§ DATA SHOWN
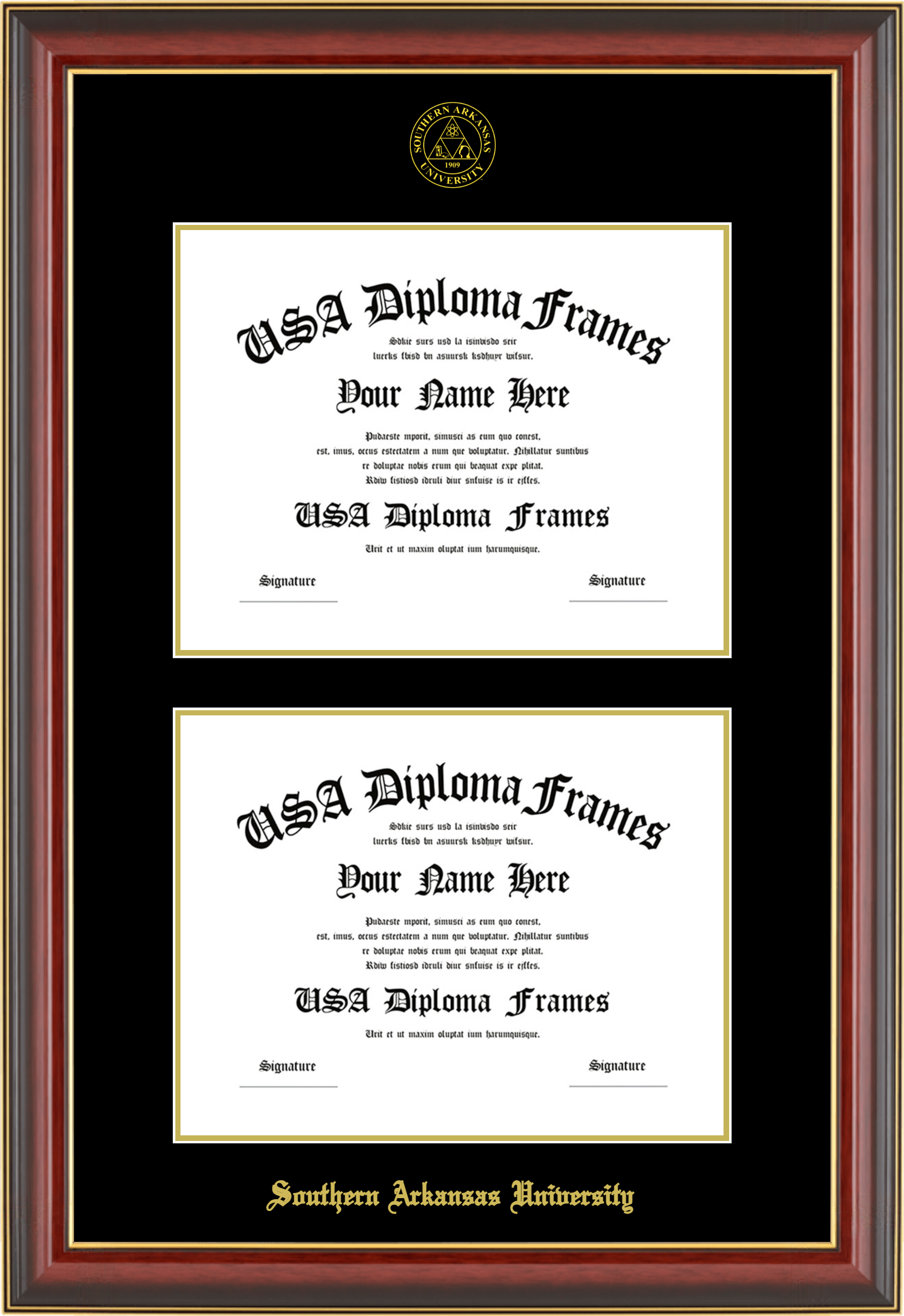 Southern Arkansas University Double Diploma Frame – Double Document – Cherry Mahogany Gold Trim Glossy – Black and Gold Mat
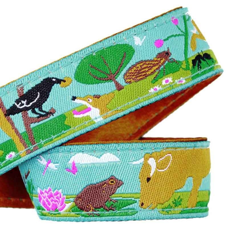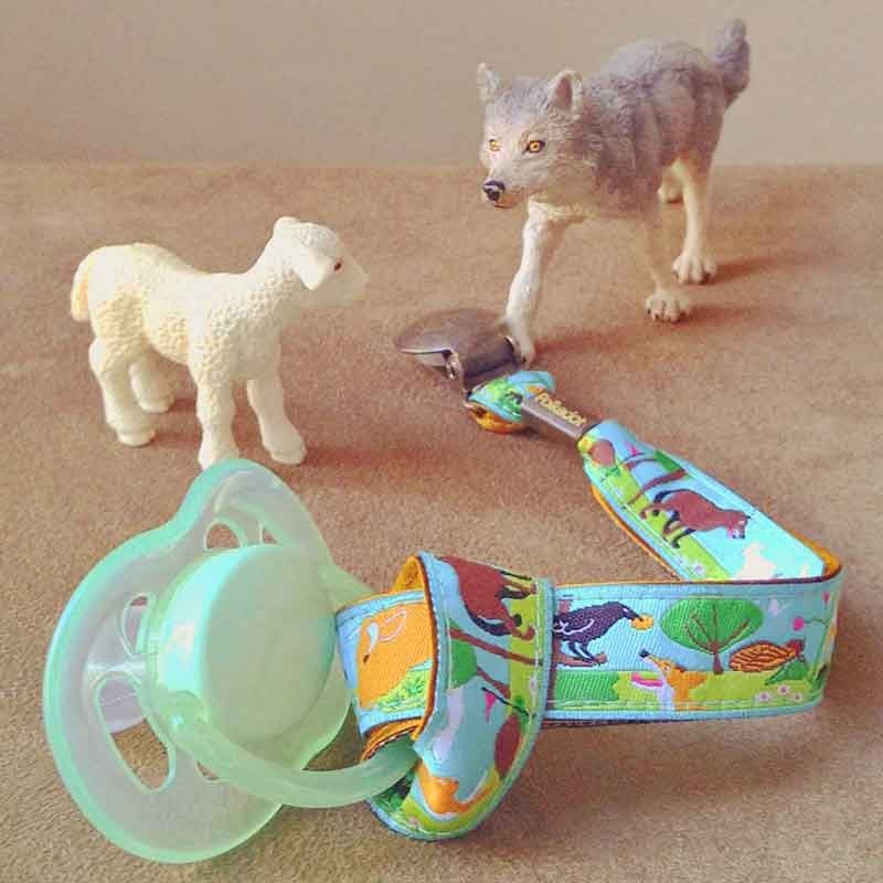 Attache-tétine inédite avec un ruban jacquard tissé à l'effigie des fables de La Fontaine.
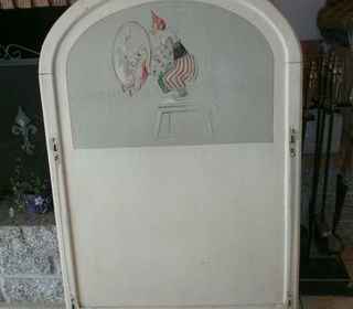 Ancienne tête de lit enfant, très belle peinture sur le thème du cirque. Largeur : 63cm Hauteur avec les pieds : 1m
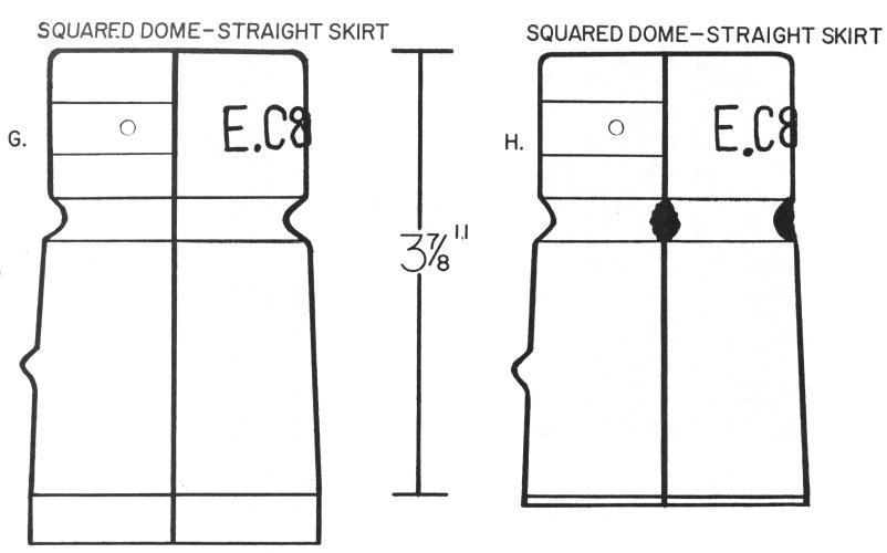 the top of the dome. All four have the same rounded mold dot. EC&M's F., G.,
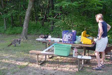 Sandra Leinweber tries to steal Rocky's lunch at Rend Lake.

§ ASSIGNMENT
Exact reproduction is required. Output only the lines from the one with "Ancienne tête de" through the end of the listing above, both ends included, and no pictures.

§ SOLUTION FOR THIS EXERCISE
 Ancienne tête de lit enfant, très belle peinture sur le thème du cirque. Largeur : 63cm Hauteur avec les pieds : 1m
 the top of the dome. All four have the same rounded mold dot. EC&M's F., G.,
 Sandra Leinweber tries to steal Rocky's lunch at Rend Lake.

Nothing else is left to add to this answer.